PAN is a systemic necrotizing vasculitis that mainly involves small- and medium-sized arteries. Secondary changes in involved arteries are common and include characteristic aneurysmal formation, intravascular thrombosis, and segmental luminal narrowing. The evolution of multiple vascular aneurysms was the most typical angiographic finding of PAN. Multiple aneurysms are identified in 60-80% of patients, but they can be encountered in other forms of vasculitis.5)

Classic PAN may involve almost any organ system.

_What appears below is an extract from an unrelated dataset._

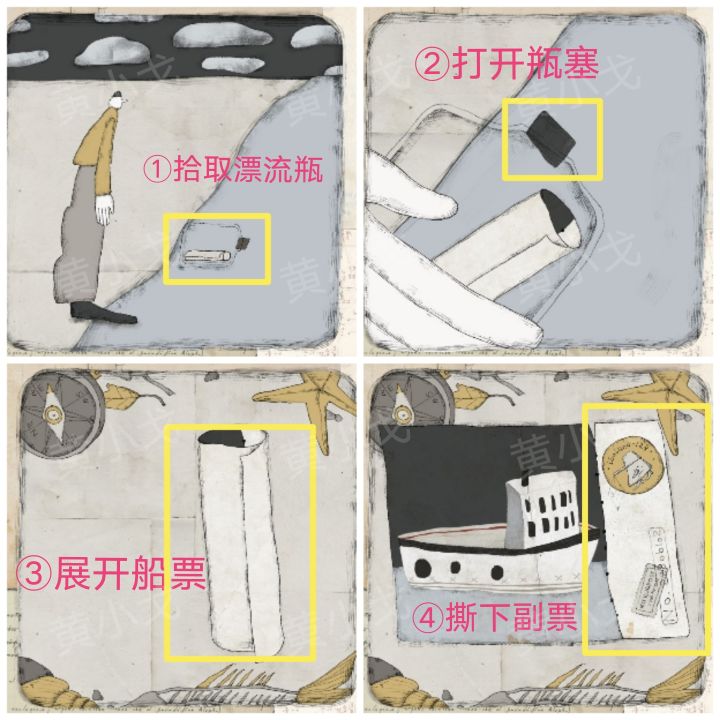 1.拾取漂流瓶,打开瓶塞;展开船票,撕掉副票2.擦掉玻璃上的雾;拉开行李箱的拉链,打开行李箱,完成摆放行李小游戏🔶点击图纸,收入“信封”,后面会用到(“信封”抖动表示会用到信封里的线索)3.按特定的顺序按下相机上的黑色按钮,拍照片;下拉照片上的太阳,月亮升起;按从上到下的顺序移开飞机上的云层🔷顺序:右下、左上、右上🔶点击时间(18:20),收入“信封”,后面会用到(“信封”抖动表示会用到
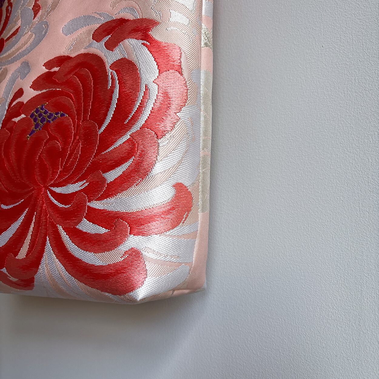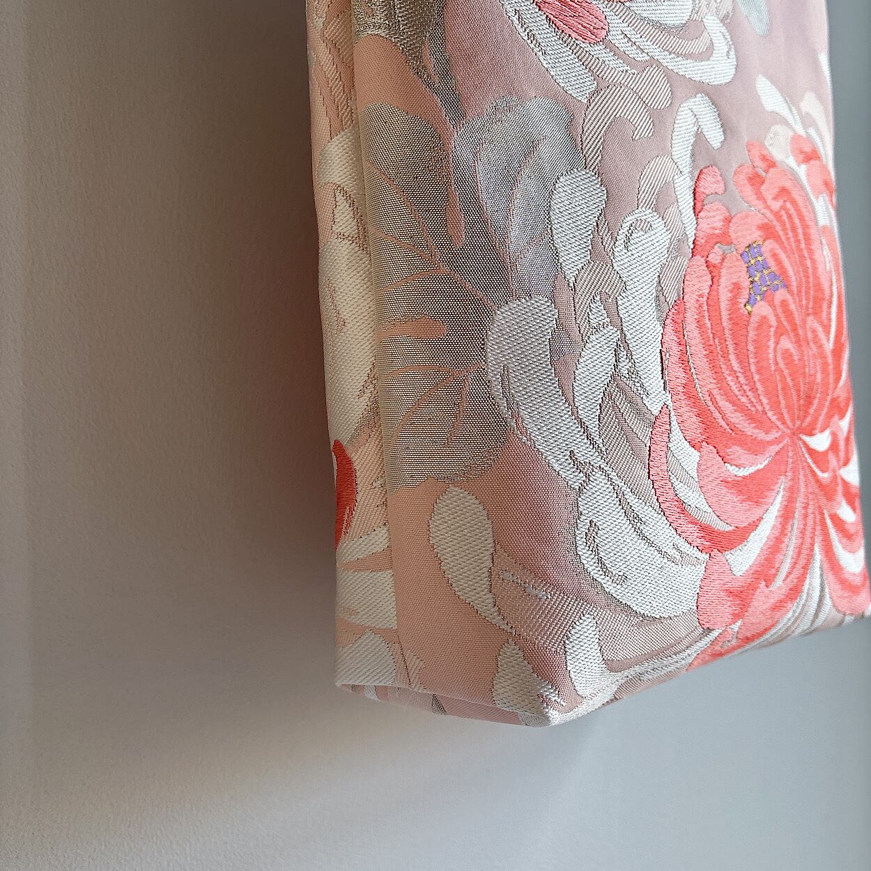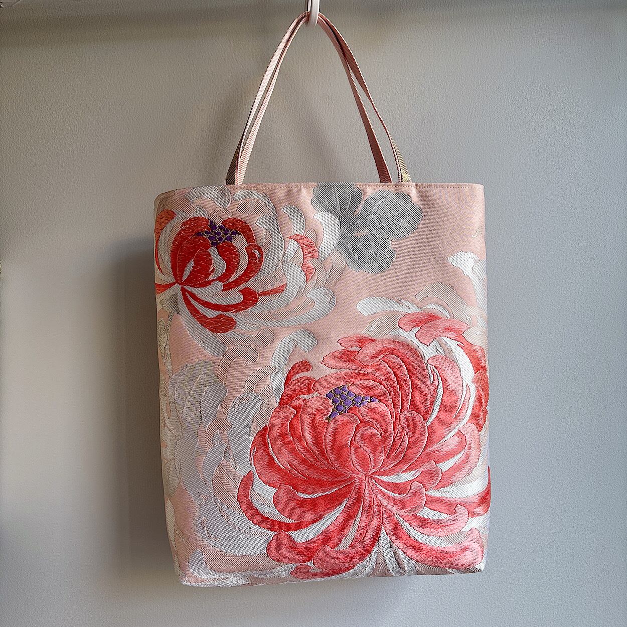 華やかで上品な乱菊文様の帯をリメイクしたトートバッグ。

Involvement of a particular organ system includes: renal failure or hypertension in renal involvement; peripheral mono- or polyneuropathy in peripheral nervous system involvement; exercise-induced angina, AMI, or congestive heart failure in cardiac involvement; and abdominal pain, nausea, vomiting, or gastrointestinal (GI) hemorrhage in GI involvement.

The proximal and middle segments of the RCA are the most common sites for coronary artery aneurysm, followed by the proximal LAD and LCx arteries.2)6) Involvement of all three major coronary arteries or the left main stem is very rare.7) Although the evolution of multiple aneurysms is the most typical coronary angiographic finding for PAN, rare cases of coronary dissections have been reported.8)

The American College of Rheumatology (ACR) criteria for the classification of PAN include any three or more of the following ten items: weight loss greater than 4 kg, livedo reticularis, testicular pain or tenderness, myalgias, mono- or polyneuropathy, diastolic blood pressure greater that 90 mmHg, elevated BUN or serum creatinine levels, presence of hepatitis B reactants in serum, an arteriographic abnormality, and the presence of a granulocyte or mixed leukocyte infiltrate in an arterial wall biopsy.9) The initial presentation of our patient fulfilled only two items among the ACR diagnostic criteria: diastolic blood pressure greater than 90 mmHg and an arteriographic abnormality. A biopsy was not performed because of the absence of skin or neuromuscular involvement. However, some of the clinical features in our patient, including angiographically confirmed coronary artery lesions, evolution of vascular changes, young age, and being female, matched the characteristics of PAN. Other etiologies of coronary aneurysms such as Kawasaki disease, Behçet's disease, Takayasu arteritis, giant cell arteritis, or syphilitic arteritis were less likely and were not supported by the patient's medical history, physical findings and laboratory data. Atherosclerosis, the most common cause of coronary aneurysms in adults was also excluded due to the absence of risk factors.

Without treatment, the 5-year survival of patients with PAN is 13%. With optimal therapy, the 5-year survival increases to approximately 80%.10) Currently, the recommended treatment of PAN is prednisone 1 mg/kg/day for 4 weeks with subsequent tapering over 9 months and cyclophosphamide at 1.5 to 2 mg/kg/day for 1 year.11)12)

There is still no consensus on how coronary lesions related to PAN should be treated. In the present case, we did not perform a percutaneous coronary intervention because myocardial SPECT showed only minimally reversible ischemia in the LCx area and the patient did not complain of recurrent chest pain. Instead, we treated the patient medically with standard cardiac treatments. In addition, she was given aggressive antiinflammatory therapy with high-dose steroids and cyclophosphamide. The patient did not develop further chest pain and remained event-free.